Now we have access to these properties when we create the component from the code, but not when we load it from the scene. To do this, we have to implement a couple of methods:

• assign: it is used to assign configuration values to another component of the same type.

• clone: it is used to duplicate a component. Generally in this function what is done is call the assign function

• deserialize: it is used to load the component’s configuration values from a scene file. We must keep in mind that the configuration parameters of a scene file can be optional. If this is the case, that configuration value of the component should not be modified.

It is VERY IMPORTANT to implement the functions assign and clone whenever we create a new component, because the default implementation of these functions generates an exception.

RotateComponent.ts

assign(other: Component): void {
  if (other instanceof RotateComponent) {
    this._animation = other._animation;
    this._speed = other._speed;
  }
}

clone(): Component {
  const newComponent = new RotateComponent();
  newComponent.assign(this);
  return newComponent;
}

async deserialize(sceneData: any, _: Loader): Promise<void> {
  if (sceneData.animation !== undefined &&
      typeof sceneData.animation === "boolean"
  ) {
    this._animation = sceneData.animation;
  }

  if (sceneData.speed !== undefined &&
      typeof sceneData.speed === "number"
  ) {
    this._speed = sceneData.speed;
  }
}

Now we have added the animation and speed properties to the component’s configuration parameters. If we reload the scene we will not see any change, but now you can modify the component’s configuration in the scene file:

{
  "type": "RotateComponent",
  "animation": true,
  "speed": 0.2
}

4. Other Component functions

There are three other functions that we may need to implement at some point. They have to do with the component lifecycle, and they can serve us when we want to execute code in response to some component state change.

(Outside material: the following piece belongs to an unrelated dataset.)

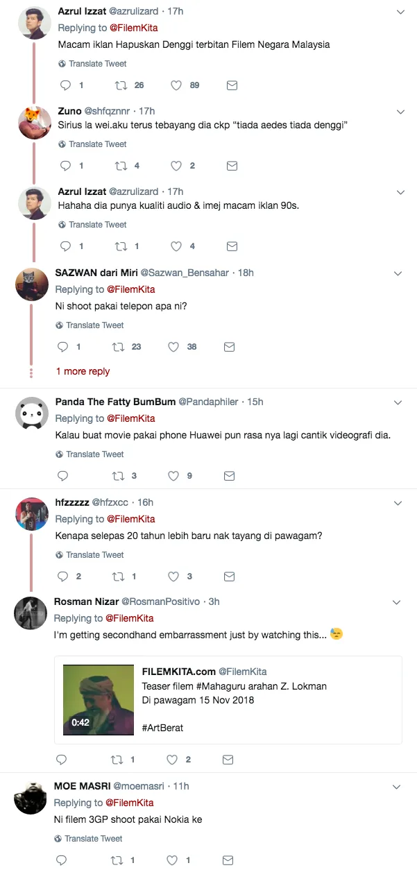 The teaser was first released on Twitter by FilemKita. After seeing the 43-second video, netizens were dumbfounded by the bad quality questioning if it is an old movie made in the 90s or a bad movie parody.

destroy(): void: this is the simplest function to understand. The graphics engine will call this function from our component when it is going to be destroyed. Sometimes we need to execute some completion or cleanup code when it is no longer going to be used. If this is the case, we can use this function for that.

addedToNode(node: Node): void: The graphics engine calls this function when the component has been added to a node. The parameter passed is the node to which the component has been added.

removedFromNode(node: any): void: The graphics engine calls this function when a component has been removed from a node. The parameter received is the node from which the component has been removed.

If a component belongs to a node, and it is added to a different node, we must keep in mind that a component cannot belong to multiple nodes, therefore the graphics engine will remove it from the node that contains it before adding it to the new node. In this case, the component would receive calls to removedFromNode with the previous node, and afterwards to addedToNode with the new node.